Friday 22nd November 2024,
The Hoop Doctors

Knicks Head Coach Jeff Hornacek Criticizes New York’s Energy Levels in Lopsided Loss to Blazers

Jeff Hornacek

New York Knicks head coach Jeff Hornacek could be content with his team’s .500 start. Few people expected them to contend for 25-plus victories this season, even while factoring in a leap from Kristaps Porzingis. That they’re almost halfway there less than 20 games into the season, with a puncher’s chance of sticking in the Eastern Conference’s playoff picture, could be seen as a big-time win.

But not to him.

The Knicks have no dropped three straight after their 103-91 loss to the Portland Trail Blazers on Monday night. The most troubling aspect aside from the result: the team’s energy. The Knicks looked flat, as they have so many times before this year. The difference this time was they were playing at home, where they’ve been largely spectacular, posting a 9-4 record.

Madison Square Garden has been their safe haven. To see them struggle there and let the game get out of hand on multiple occasions really makes you question whether they’re actually better than most thought or just another early-season flash in the pan.

Perhaps sensing a turn for the worst, Hornacek called out the team’s effort, per ESPN.com’s Ian Begley:

Jeff Hornacek said NYK was ‘low energy’ in loss to POR: “We’re not the team that can just come out there and think we’re just going to play and try to step it up later. We’ve got to do it from the tip off. I thought our energy was not good enough in the first three quarters.”

And for what it’s worth, Enes Kanter, who has missed the past three games with back spasms, essentially echoed Hornacek’s sentiments:

Both Kanter and Hornacek are correct. The Knicks don’t have nearly enough established talent to get by on that alone. They will win games by catching teams off guard from the jump—by delivering a “Hey, yeah, we’re here” punch in the first quarter, and to start the second half.

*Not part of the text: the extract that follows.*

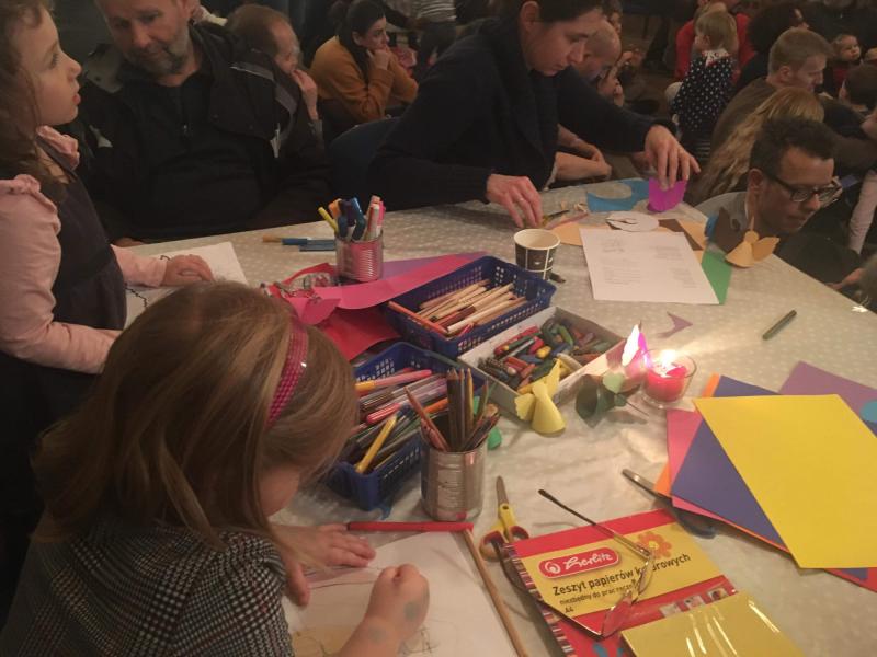 A program alatt végig volt lehetőség a kézműveskedésre is. Mézeskalácsot szaggattunk, díszítettünk az ovisokkal, a nagyobbacskák pedig karácsonyfa díszeket készíthettek.

They didn’t do that against the Blazers, who outscored them by 11.7 points per 100 possessions in that opening frame, according to NBA.com. And they haven’t fared too well to start the second half during their three-game slide; they’re being clobbered by more than 62 points per 100 possessions in third quarters, by far and away the worst mark in the NBA over this pan.

We’ll have to see whether the team takes Hornacek’s challenge to heart in advance of their tilt against the Miami Heat on Wednesday.